Error messages are difficult to do right, and it's one area where (for example) DSL's tend to fall down. You might have a beautiful DSL, and think that it's finished, because you - as the designer - don't make mistakes with it (perhaps because you're really smart; really know the tool; or really haven't used it). Even some fully fledged languages have poor error reporting.
For a grammar specification language (like XML Schema) to do a really good job, it really should also formalize how to specify error messages for that particular grammar. I'm not sure how hard it would be to do this, and I haven't seen any research on it.
An odd thing about XML Schema is that it's not very resilient - when this was supposed to be one of the cool thing about "extensible" XML. The next version is a little better at this. But it sounds like in your case, you wanted to get an error (because there was a real problem), it's just that you couldn't trace where it came from, or what its meaning was in terms of the system. It sounds like a hard problem. BTW: would using JSON or sexps have made this problem any easier? I think it's much deeper than that.
Agreed about errors. A good error-handling design for system X often needs to be nearly as complex as the design of X itself, and more importantly, needs to have the same "shape" as that design; it needs to fit the problem that X solves, speak the "language" that X and the users of X speak. Typically the amount of work involved, and the importance of it, are badly underestimated. Usually people work on what they think of as the cool parts and neglect the rest. (This is the reason DSL error handling tends to suck.) Maybe they try to hack the rest in later. By then it's much harder -- you have to rework the kernel to allow for the right kind of hooks into it so your error messages can have enough meaning. The advent of exceptions, by the way, was a huge step backward in this respect. It made it easy to just toss the whole problem up the stack, metaphorically and literally!
Getting back to XML... it's unsurprising that XML Schema isn't resilient. It's one of the most rigid technologies I've ever seen. Rigidity gets brittle as complexity grows. The error-handling fiasco of XML Schema isn't an accident. It's revealing of a core problem. Don't think you can sidestep the issue just by saying, well it's hard. :)
Would using JSON or sexps have made this problem any easier?
Sure. I've done it both ways, there's no comparison. It's not the data format alone that makes the difference, but the programming and thinking style that the format enables. These structures are malleable where XML is not. Malleability allows you to use a structure in related-but-different ways, which is what error handling requires (a base behavior and an error-handling one). It also makes it far easier to develop these things incrementally instead of having to design them up front. So this is far from the only problem they make easier.

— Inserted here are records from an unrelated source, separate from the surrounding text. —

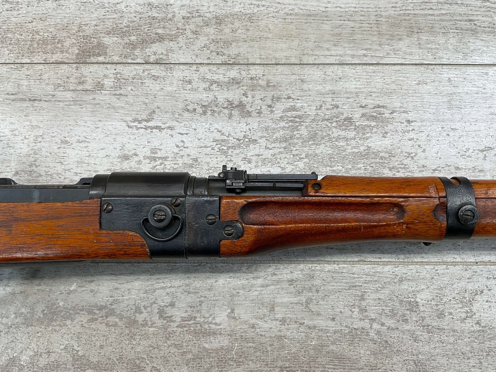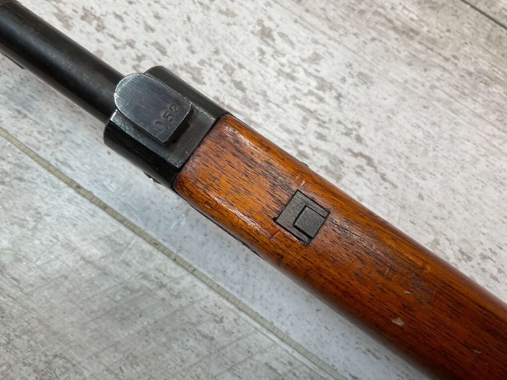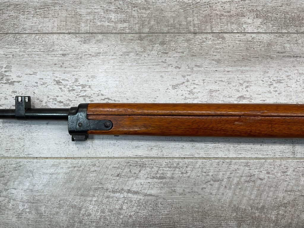 The rifle’s folding stock further enhances its paratrooper-friendly design, reducing its overall length for easier handling during airborne operations. The wooden stock and handguard exhibit the classic craftsmanship of Japanese military rifles, featuring a practical and utilitarian aesthetic.
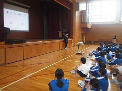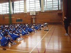 大きな声で挨拶をして心と体をほぐした後、校歌を歌いました。
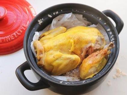- 盐焗鸡肉:将包裹好的鸡放入砂锅,再将剩余部分的海盐填满砂锅,盖住鸡,盖好盖子,小火焗 25 分钟左右,关火后继续焖 20 分钟左右。
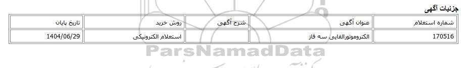 | 170516 | الکتروموتورالقایی سه فاز | استعلام الکترونیکی | 1404/06/29 |
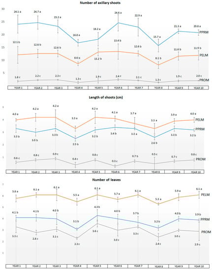 Throughout the ten years of culture, the data obtained for all proliferation parameters showed an acceptable homogeneity during incubation in PPRM, PELM, and PROM media, with the exception of the 4th and 8th years, in which all the cultures and parameters, and in particular the number of axillary shoots promoted in PPRM and PELM, decreased significantly for unknown reasons. Figure 1 shows the results (number of axillary shoots, length of axillary shoots, and number of leaves) obtained throughout the long-term micropropagation.
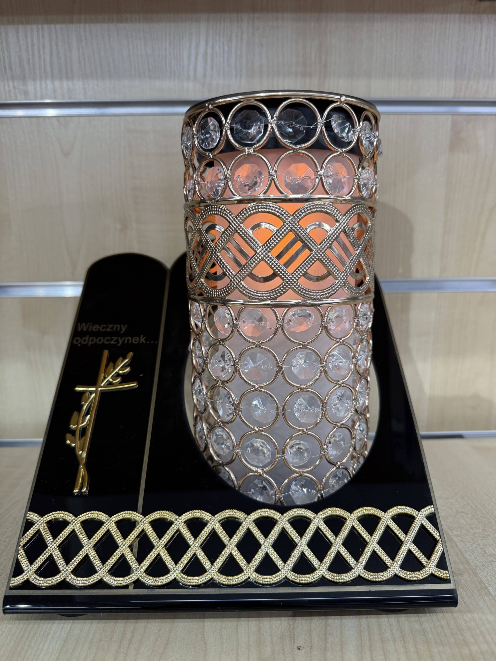 Znicz solarny o wysokości 25 cm i szerokości 22 cm, elegancko zdobiony złotymi detalami. Ładowany energią słoneczną, nie wymaga wymiany wkładów, dzięki czemu jest praktyczny i trwały. Stylowe wykończenie oraz ciepłe światło sprawiają, że pięknie podkreśla pamięć o bliskich, stanowiąc wyjątkową ozdobę nagrobka.
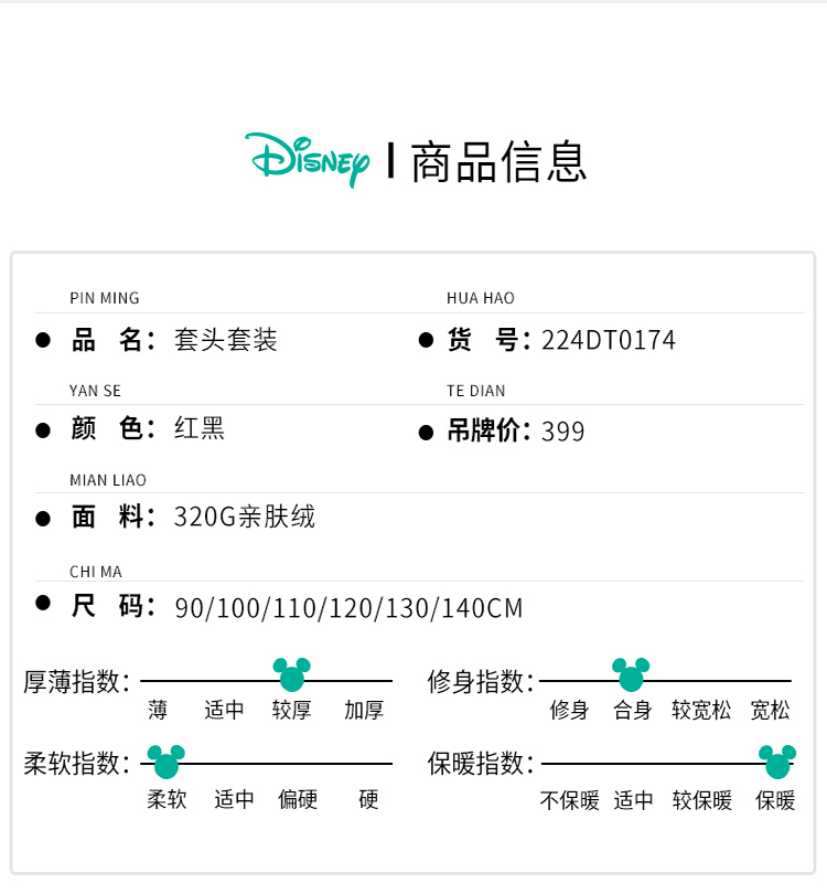 迪士尼宝宝童装男女儿童时尚休闲百搭舒适保暖秋冬季卫衣套装224DT0174
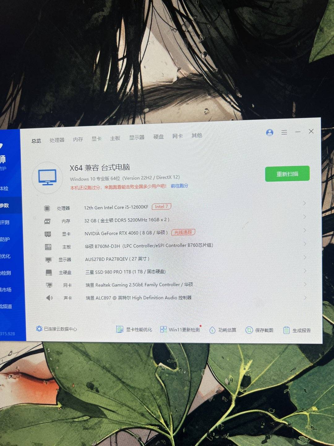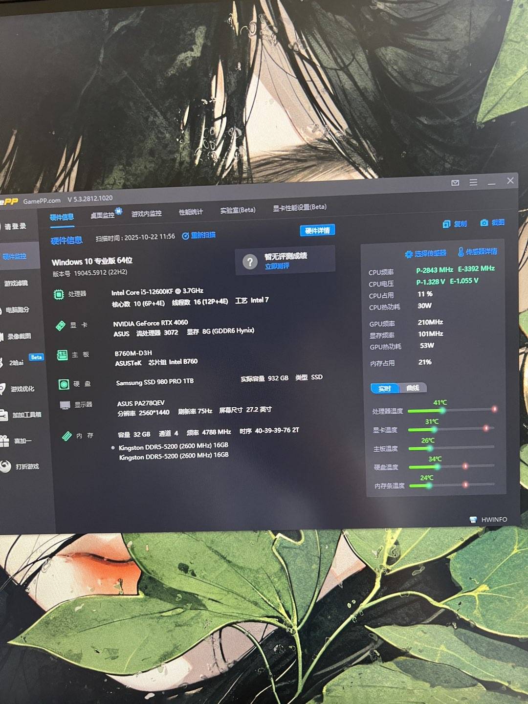 内存:金士顿野兽 16g×2 5200(32GB)

With malleability, I think you're talking about low-level control, where you work directly in terms of the data structures that will be serialized as JSON. You might be translating between the domain data structures and the JSON structure; or they might appear direction as JSON. This is malleable in that you tweak it however you want; and it's simple in that you have direct access to everything. You can do validation in the same way. If something goes wrong, you have all the information available to deal with it as you see fit.
The wire format doesn't affect this approach - it could be JSON or XML. However, JSON and data structures maps cleanly, because it's an object format already. To do the same thing with XML requires an extra level, and you get a meta-format like xmlrpc, which is pretty ugly.
So I think you're talking about a kind of object serialization, with object-to-object data binding.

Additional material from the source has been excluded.